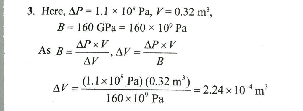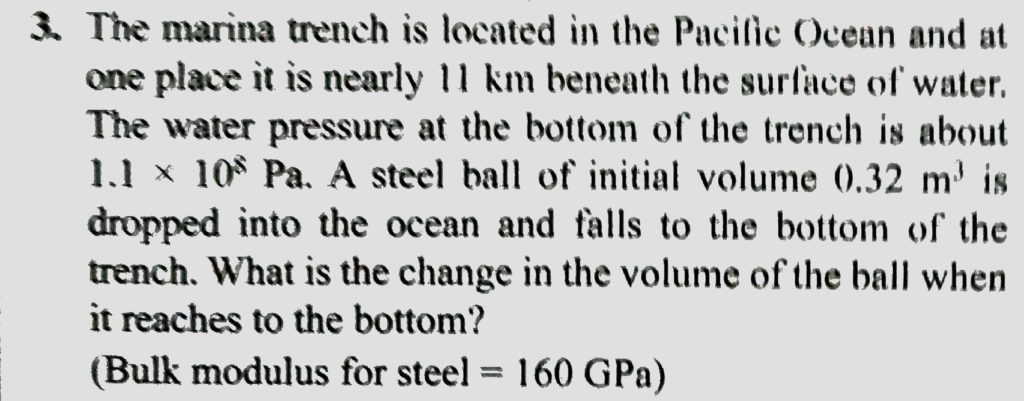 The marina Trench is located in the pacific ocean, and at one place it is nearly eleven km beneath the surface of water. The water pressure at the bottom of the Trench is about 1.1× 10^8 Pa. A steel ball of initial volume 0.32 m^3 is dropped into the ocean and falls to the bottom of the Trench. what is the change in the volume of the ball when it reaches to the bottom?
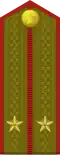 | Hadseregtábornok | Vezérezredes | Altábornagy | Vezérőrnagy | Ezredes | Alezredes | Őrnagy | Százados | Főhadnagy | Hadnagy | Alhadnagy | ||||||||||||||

...

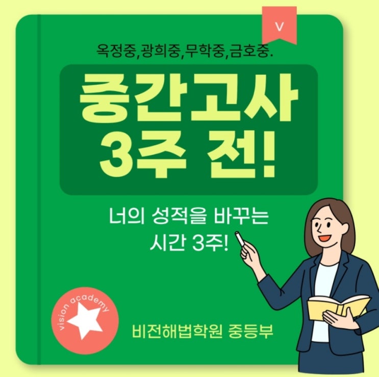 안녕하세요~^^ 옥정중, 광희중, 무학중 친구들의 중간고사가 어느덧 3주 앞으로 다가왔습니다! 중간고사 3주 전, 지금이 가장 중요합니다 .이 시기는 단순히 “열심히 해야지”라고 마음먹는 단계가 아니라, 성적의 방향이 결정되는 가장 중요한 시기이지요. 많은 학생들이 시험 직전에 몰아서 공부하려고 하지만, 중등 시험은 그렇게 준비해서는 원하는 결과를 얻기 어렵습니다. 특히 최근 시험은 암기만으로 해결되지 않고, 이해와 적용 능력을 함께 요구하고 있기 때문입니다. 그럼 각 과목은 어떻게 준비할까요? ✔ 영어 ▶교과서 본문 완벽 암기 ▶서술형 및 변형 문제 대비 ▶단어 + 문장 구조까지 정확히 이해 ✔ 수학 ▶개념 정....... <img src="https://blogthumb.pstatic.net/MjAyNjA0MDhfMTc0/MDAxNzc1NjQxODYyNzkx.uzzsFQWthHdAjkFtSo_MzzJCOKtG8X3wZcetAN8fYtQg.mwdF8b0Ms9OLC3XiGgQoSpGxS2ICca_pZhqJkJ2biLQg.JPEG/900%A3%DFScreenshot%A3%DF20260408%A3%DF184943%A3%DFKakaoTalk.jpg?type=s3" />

■ Work instructions: In the listing above, find the line containing "The marina Trench" and the line containing "Alhadnagy | ||||||||||||||", then return both of them and every line between, exactly, without pictures.

■ Problem solution:
 The marina Trench is located in the pacific ocean, and at one place it is nearly eleven km beneath the surface of water. The water pressure at the bottom of the Trench is about 1.1× 10^8 Pa. A steel ball of initial volume 0.32 m^3 is dropped into the ocean and falls to the bottom of the Trench. what is the change in the volume of the ball when it reaches to the bottom?
 | Hadseregtábornok | Vezérezredes | Altábornagy | Vezérőrnagy | Ezredes | Alezredes | Őrnagy | Százados | Főhadnagy | Hadnagy | Alhadnagy | ||||||||||||||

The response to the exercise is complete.